File Functions

import introcs

This functions are useful handling simple data science assignments. They read and write popular (text-based) file formats. The most valuable functions are read_csv() and write_csv(), as these are non-trivial to implement.

Reading

read_txt

introcs.read_txt(filename)

Reads the contents of the text file filename.

This function reads the contents of the file filename and returns the result. This function assumes the file is a text file and not a binary file. If this is not the case, it will raise an error.

Parameters

filename (str) – The file to read

Returns

A string representing the file contents

Return type

str

read_json

introcs.read_json(filename)

Reads the contents of the JSON file filename.

This function reads the contents of the file filename. Assuming it is a properly encoded JSON file, it will convert this into a Python data value, which will either be a dictionary or a list.

If the file does not exist, or is not a proper JSON file, this function will raise an error.

Parameters

filename (str) – The file to read

Returns

A dictionary or list representing the file contents

Return type

dict or list

read_csv

introcs.read_csv(filename)

Reads the contents of the CSV file filename.

This function reads the contents of the file filename. Assuming it is a properly encoded csv file, it will convert this into a 2-dimensional list, where each element of the list is the row. Cells in the row are all interpreted as strings. It is up to the programmer to interpret this data, since CSV files contain no type information.

If the file does not exist, or is not a proper CSV file, this function will raise an error.

Parameters

filename (str) – The file to read

Returns

A two dimensional list including the header as the first row

Return type

2d list

read_package

introcs.read_package(folder)

Reads the contents of the given directory.

A package is a directory with a file index.json inside of it. This JSON is a one-level dictionary mapping keys to file names. These files should all be in the directory. Each file can be either a text , JSON, or CSV file, or another directory (which should also be a package).

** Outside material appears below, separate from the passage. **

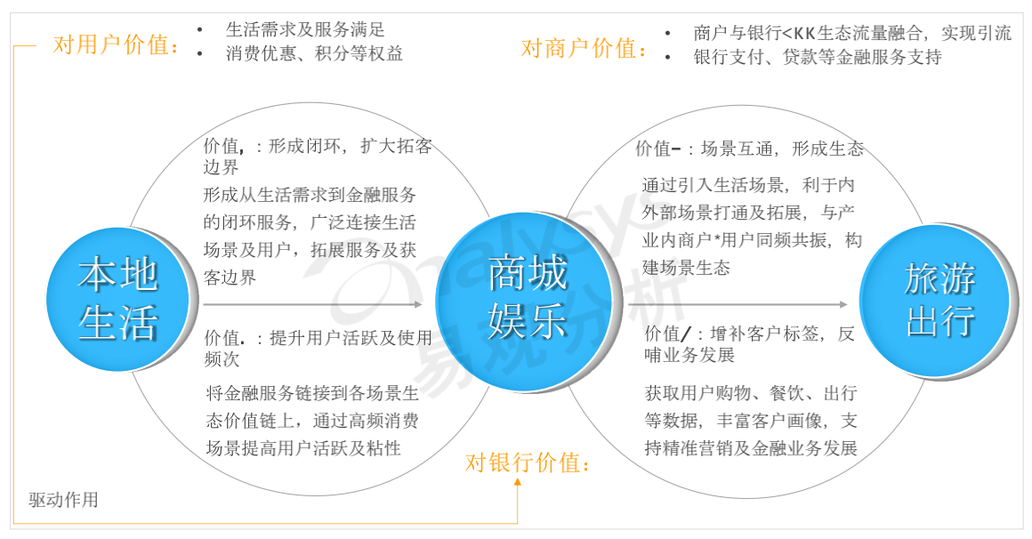 易觀分析認(rèn)為,相關(guān)動(dòng)作比較契合信用卡未來(lái)發(fā)展的大零售戰(zhàn)略,信用卡APP場(chǎng)景化經(jīng)營(yíng),有利于銀行拓展服務(wù)及獲客邊界、構(gòu)建場(chǎng)景生態(tài)、提升用戶活躍及使用頻次、豐富客戶畫像反哺金融業(yè)務(wù)發(fā)展,對(duì)用戶、商戶、銀行能夠產(chǎn)生多重價(jià)值。

This method returns a dictionary maping the keys to the contents of each file, as defined recursively by read_text(), read_json(), read_csv(), and read_package().

Packages are mainly used as a way of gathering data files from multiple source. Any package can actually be represented as a single JSON file, but it is not always easy to construct this file.

If the directory does not exist, or is not a proper package, this function will raise an error.

Parameters

folder (str) – The directory to read

Returns

A dictionary containing the contents of each file in the package

Return type

dict

Writing

There is no write-version of read_package(). Any data value that could be written to a package can be written to a single JSON file more efficiently.

write_txt

introcs.write_txt(data, filename)

Writes the given data out as a text file filename.

The data should be a string. If it is not proper data, this function will raise an error. The filename may have any extension.

Parameters
  • data (str) – The text to write to a file

  • filename (str) – The file to write

write_json

introcs.write_json(data, filename)

Writes the given data out as a JSON file filename.

The data should be an JSON encodable value (e.g. either a primitive – int, float, bool, string – or a list or dictionary of JSON encodable values). If it is not proper data, this function will raise an error.

The JSON filename must either have no extension, or the extension .json. Any other extension will cause an error.

Parameters
  • data (JSON-encodable value) – The Python value to encode as a JSON

  • filename (str) – The file to write

write_csv

introcs.write_csv(data, filename)

Writes the given data out as a CSV file filename.

To be a proper CSV file, it must be a 2-dimensional list with the first row containing only strings. All other rows may be any python value. Dates are converted using isoformatting. All other objects are converted to their string representation.

The CSV filename must either have no extension, or the extension .csv. Any other extension will cause an error.

Parameters
  • data (2d list) – The Python value to encode as a CSV file

  • filename (str) – The file to write

Errors

class introcs.FileToolError

A simple error class to unify error responses for the filetools package.